• SOURCE INFORMATION:
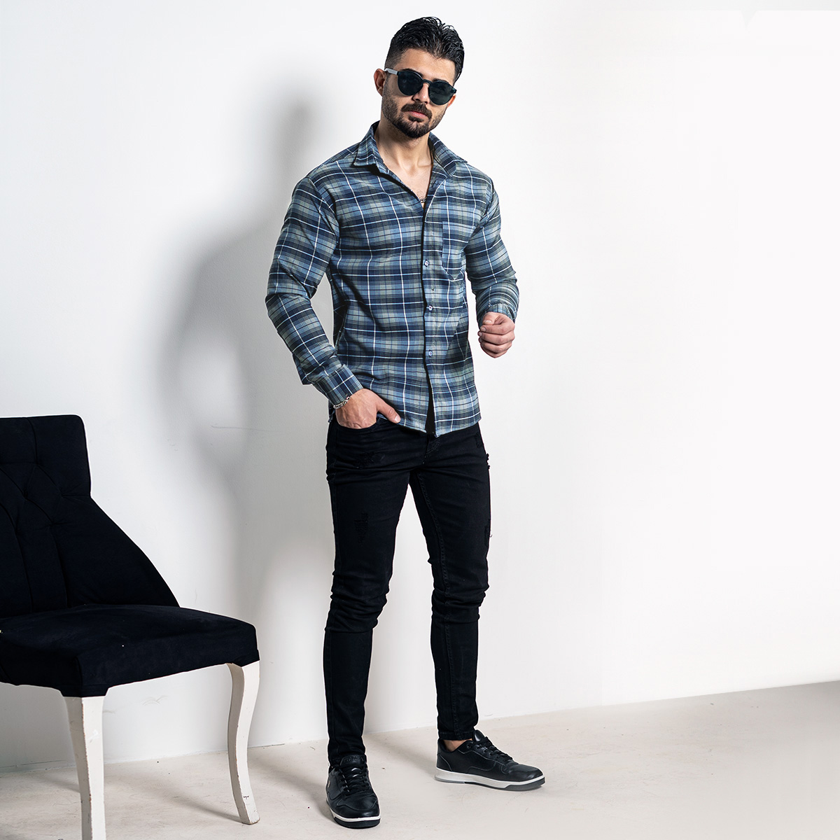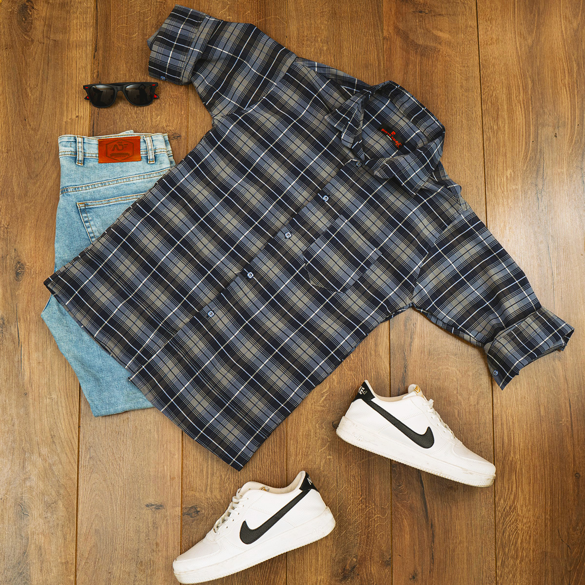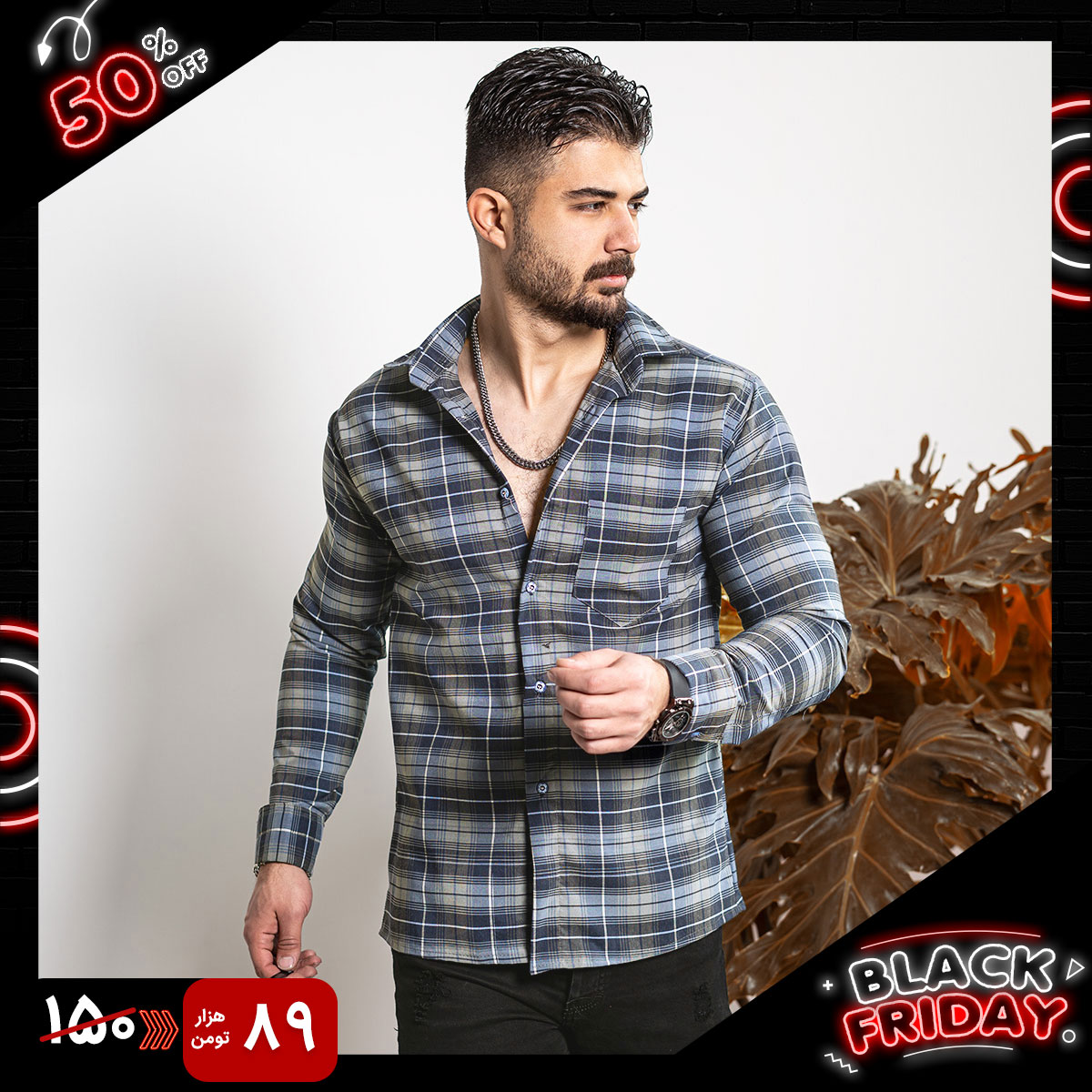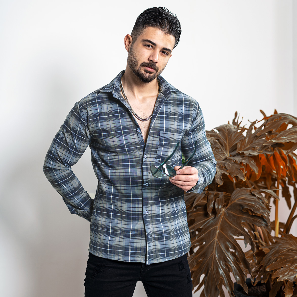 پیراهن چهارخانه آبی تیره سرمه ای مردانه مدلDivan
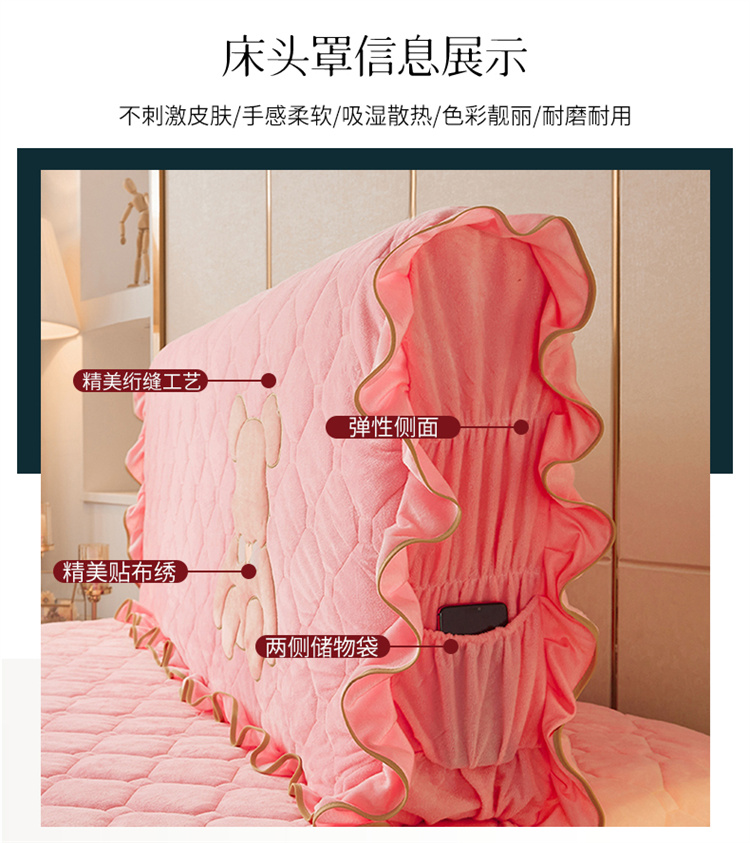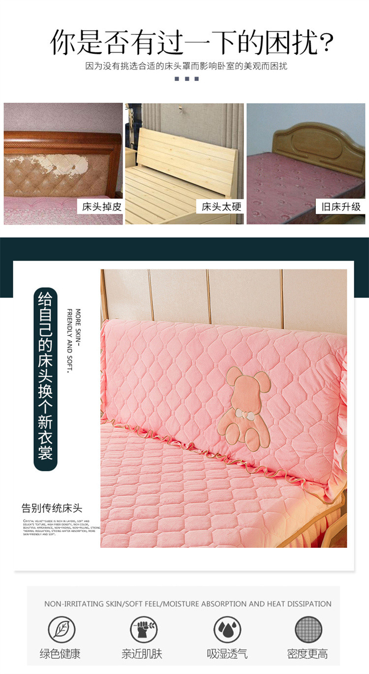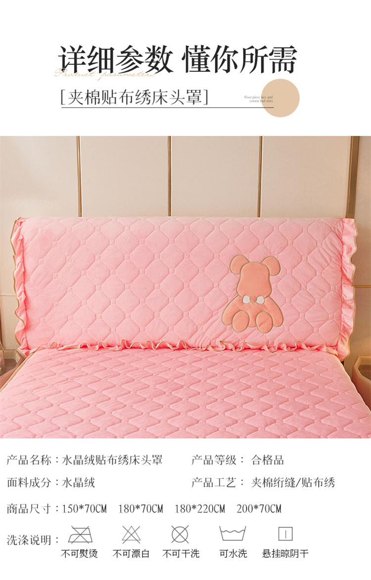 商品名称:屹成家纺 2024新款水晶绒床头罩-小熊款 粉玉
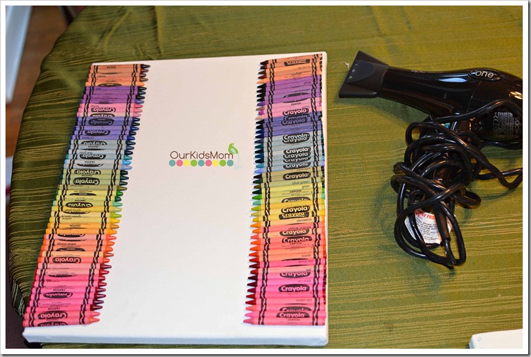 Once all of the crayons have been glued onto the canvas, you will need a hair dryer.
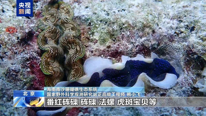 海南南沙珊瑚礁生态系统、国家野外科学观测研究站正高级工程师熊小飞介绍,黄岩岛国家级自然保护区造礁石珊瑚平均覆盖率达到38.8%,属于一个很高水平,是众多珍稀濒危野生动物繁衍栖息的重要场所。在这调查期间发现了玳瑁、绿海龟、番红砗磲、砗磲、法螺、虎斑宝贝等国家一、二级保护野生动物,一共有94种。
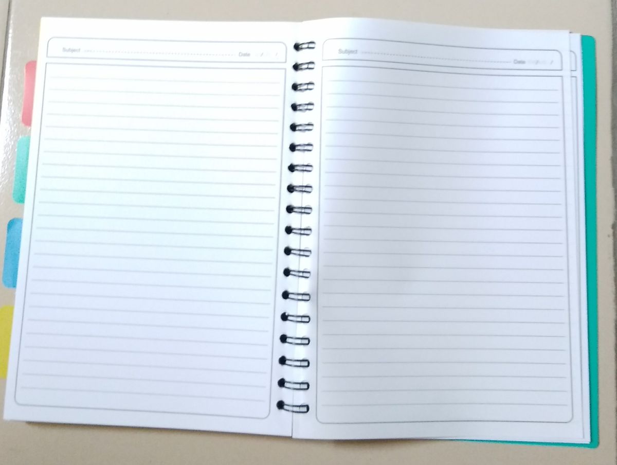 5 subject and spiral bund notebooks. There are different courses in a day but you only need to carry with the multi-subject notebook. It's wire bound, each page is divided so that other pages will not get damaged when tear out one of them or a few
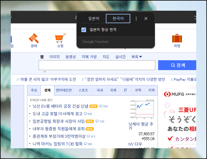잠시 후 한글판 야후재팬 화면이 나타납니다. 일본어가 우리 언어로 변환되어 외국 홈페이지 활용이 훨씬 편리해져요.

• REQUIRED ACTION:
Give the complete material again, exactly as written. Do not include the pictures.

• WRITTEN REPLY:
 پیراهن چهارخانه آبی تیره سرمه ای مردانه مدلDivan
 商品名称:屹成家纺 2024新款水晶绒床头罩-小熊款 粉玉
 Once all of the crayons have been glued onto the canvas, you will need a hair dryer.
 海南南沙珊瑚礁生态系统、国家野外科学观测研究站正高级工程师熊小飞介绍,黄岩岛国家级自然保护区造礁石珊瑚平均覆盖率达到38.8%,属于一个很高水平,是众多珍稀濒危野生动物繁衍栖息的重要场所。在这调查期间发现了玳瑁、绿海龟、番红砗磲、砗磲、法螺、虎斑宝贝等国家一、二级保护野生动物,一共有94种。
 5 subject and spiral bund notebooks. There are different courses in a day but you only need to carry with the multi-subject notebook. It's wire bound, each page is divided so that other pages will not get damaged when tear out one of them or a few
잠시 후 한글판 야후재팬 화면이 나타납니다. 일본어가 우리 언어로 변환되어 외국 홈페이지 활용이 훨씬 편리해져요.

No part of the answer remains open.